Bakteriozy i szara pleśń na plantacji brokułu jesiennego
Plantacja brokułu jesiennego jest cały czas zbierana. Od niedawna mamy już prawdziwie jesienną pogodę – niskie temperatury, deszcze i poranne rosy, a więc warunki, w których dobrze czują się wszelkiego rodzaju bakteriozy i szara pleśń. Na polu znajdziemy pojedyncze egzemplarze zajęte przez te choroby. Byłoby ich więcej, gdyby producent nie wykonał w porę odpowiednich zabiegów.
Róże są różnej wielkości i różnej jakości – te większe można już ciąć, a mniejsze należy zabezpieczyć przed bakteriozami i szarą pleśnią. Niezwykle istotne w tej chwili jest również odpowiednie nawożenie, a to dlatego, że rośliny mając do dyspozycji wodę z rosy, pobierają mniej wody z gleby, a co za tym idzie – mniej substancji pokarmowych w niej zawartych.

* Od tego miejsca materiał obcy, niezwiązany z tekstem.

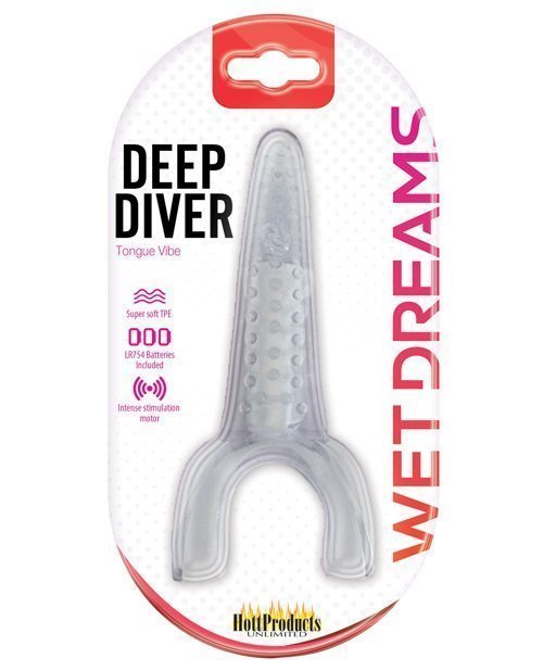 The Wet Dreams Tongue Star Deep Diver Tongue Vibe Clear. This amazing pleasure tongue vibe is expertly designed for an ultra comfortable fit directly onto the teeth. Causes virtually no discomfort or vibration to the mouth or teeth while doing so. So easy to wear, and the Tongue Star Deep Diver will make your lover so easy to please, too. Material: TPE LR754 batteries, Included

Celem zabiegów na krótko przed zbiorem jest przede wszystkim utrzymanie jakości róż (aby się „nie rozjeżdżały”), dlatego jeśli podajemy nawóz dolistny, to niech będzie to produkt o dużej zawartości potasu i niskiej zawartości azotu, to znaczy maksymalnie 5%. Zabiegi takie możemy wykonać 2-3 razy w tygodniu.
Jesienna pogoda ma jednak tę zaletę, że niskie temperatury skutecznie odstraszyły szkodniki, które wcześniej nieustannie nękały plantację. Także w tym momencie insektycydy mogą iść w odstawkę, a skupiamy się, by skutecznie zabezpieczyć plantację przed dalszym rozwojem bakterioz i szarej pleśni.